In spite of the influx of newcomers, I'm still amazed at the accessibility to incomparable solitude around this area. Yesterday, Bill and I drove to Clark Fork where he planted a new geocache.

He placed it on a 300-acre piece of property on the south side of the Clark Fork River purchased by the Idaho Fish and Game. It sits at the base of the mountains, and its huge pond surrounded by tall grass serves as home to hundreds of honkers, hawks, and herons.

His cache is located where you look one way and see the runs on Schweitzer; turn the other way, and there's Scotsman, still snow-covered and rising from a row of spectacular Cabinets. We had the place to ourselves for the entire hour spent there.

Saturday, I introduced my sisters to the National Bird Refuge at Bonners Ferry. It's not far from where our dad spent much of his adolescence riding horses belonging to the Kootenai Indians. We took our bikes and rode approximately six miles on a road where motorized traffic can go.

Yes, we met a few cars, cuz we started at the wrong end and were riding against the traffic. But meeting half a dozen on a gorgeous weekend afternoon, crusing along at 20 mph so they could enjoy the hundreds of geese, ducks and beautiful white swans ain't bad.

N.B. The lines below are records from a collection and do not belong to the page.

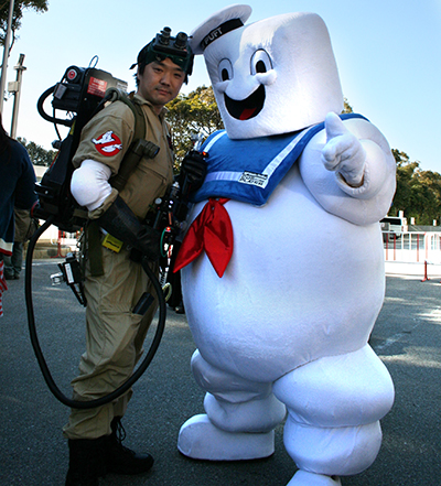 更衣室から着替えていくよりも、コスブースで、着ぐるみの中に入った方が簡単です。
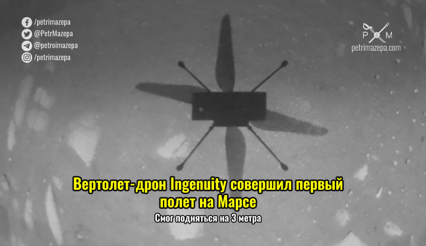 Вертолет-дрон Ingenuity («Изобретательность») совершил первый управляемый полет на другой планете. Он прибыл на Красную планету вместе с марсоходом Perseverance («Настойчивость»), который и вел прямую трансляцию этого событий.
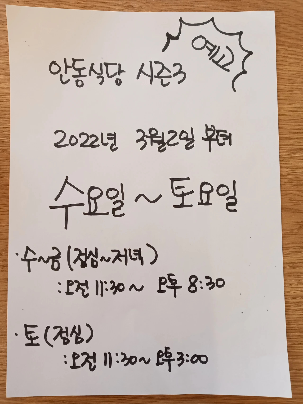 수업일정과 공부시간 등을 반영하여 영업일을 줄이고, 영업시간을 늘리기로 결정했다. 제 멋대로 자주 바뀌고, 메뉴는 한 가지인 어이없는 식당이지만 찾아주시는 손님과 이 공간에 깃든 여러 수고에 화답하고 싶다. 무엇보다 그럴싸한 핑계로 도망치고 싶지는 않다.
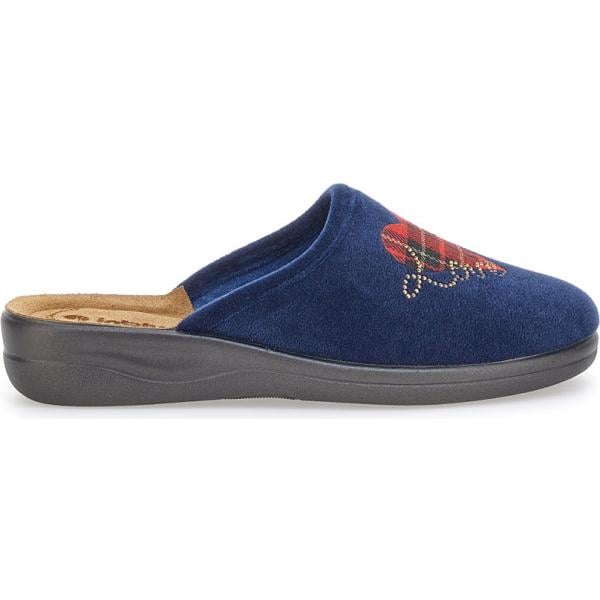 Pantofole da donna in grigio scuro a quadri con tacco zeppa
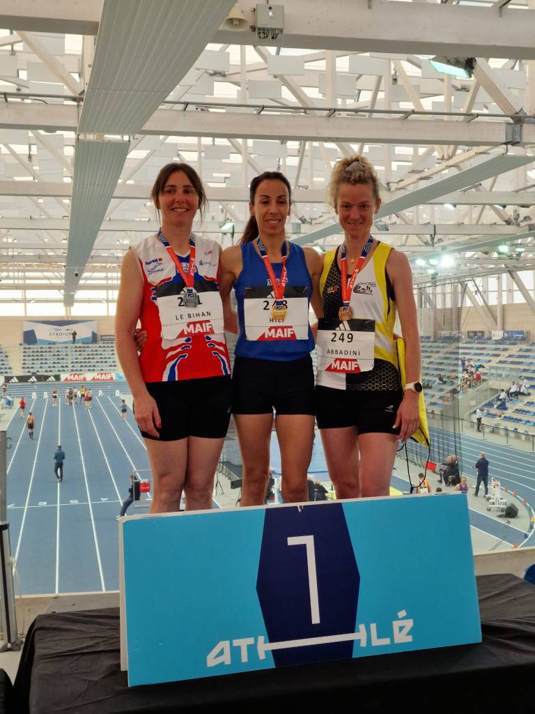 Nathalie ABBADINI réalise 5’26 au 1500m et 11’39 au 3000m et décroche une 3ème place sur ces 2 épreuves en F45.
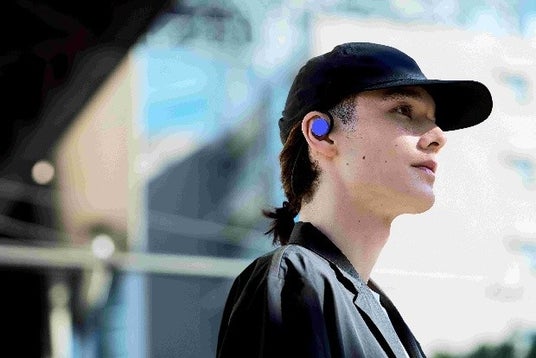 周囲の音を感じながら自分だけの音に没入できる高音質オープンイヤー設計。A PROP限定のイコライザー・起動音・アプリUIとブラック×パープル/ホワイト×パープルの限定カラーを組み合わせ。
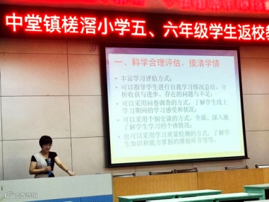 首先刘传平主任对教职员工进行五六年级学生返校工作从以下方面内容进行培训:1.学生返校日工作要求2.人员安排3.返校日学生返校时间4.返校日学生放学时间5.学生上放学时段安排6.学生上下楼梯安排7.课间卫生间使用安排表8.学生课间活动场地安排9.学生用餐位置安排表10.师生回校氛围布置11.天气变化如何应对。刘主任一一细化工作要求,确保全体教职员工明确学生返校后自己工作责职,确保学生在校安安全全。
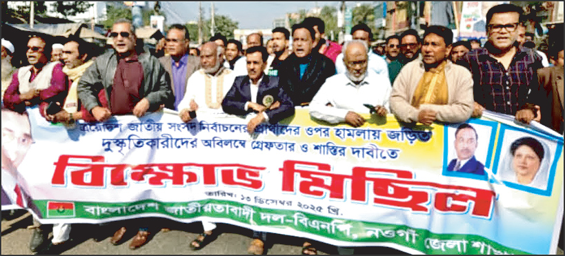 ইনকিলাব মঞ্চের মুখপাত্র ও আসন্ন জাতীয় সংসদ নির্বাচনে ঢাকা-৮ আসনের স্বতন্ত্র সংসদ সদস্য পদপ্রার্থী শরিফ ওসমান হাদির উপর গুলিবর্ষণ এবং সারাদেশে এমপি প্রার্থীদের উপর ধারাবাহিক হামলার প্রতিবাদে নওগাঁয় বিক্ষোভ মিছিল ও সমাবেশ করেছে বিভিন্ন রাজনৈতিক দল। তারই ধারাবাহিকতায় আজ দুষ্কৃতিকারীদের অবিলম্বে গ্রেফতার ও দৃষ্টান্তমূলক শাস্তির দাবিতে বিক্ষোভ মিছিল করেছে বাংলাদেশ জাতীয়তাবাদী দল (বিএনপি) নওগাঁ জেলা শাখা। শনিবার (১৩ ডিসেম্বর) নওগাঁ শহরে আয়োজিত এই বিক্ষোভ মিছিলে জেলা বিএনপি ও এর অঙ্গ-সহযোগী সংগঠনের বিপুলসংখ্যক নেতাকর্মী অংশগ্রহণ করেন। মিছিলটি শহরের গুরুত্বপূর্ণ সড়ক প্রদক্ষিণ শেষ নওযোয়ান মাঠে সংক্ষিপ্ত সমাবেশের মাধ্যমে শেষ হয়।

The bird refuge has oodles of hiking/biking trails on old dikes constructed across the Kootenai valley when it used to flood every year before construction of Libby Dam. When you set off on one of these trails, which can span anywhere from a mile to several miles, you'll seldom see another human being.

And, right smack dab in the population center of our area, there's the pedestrian bridge across Lake Pend Oreille in Sandpoint. I've biked or hiked the bridge about half a dozen times this winter and "half a dozen" would be accurate for the people I've met in all those experiences.

Obviously, the summer brings 'em on, but most of the year, we locals still have some nice escapes.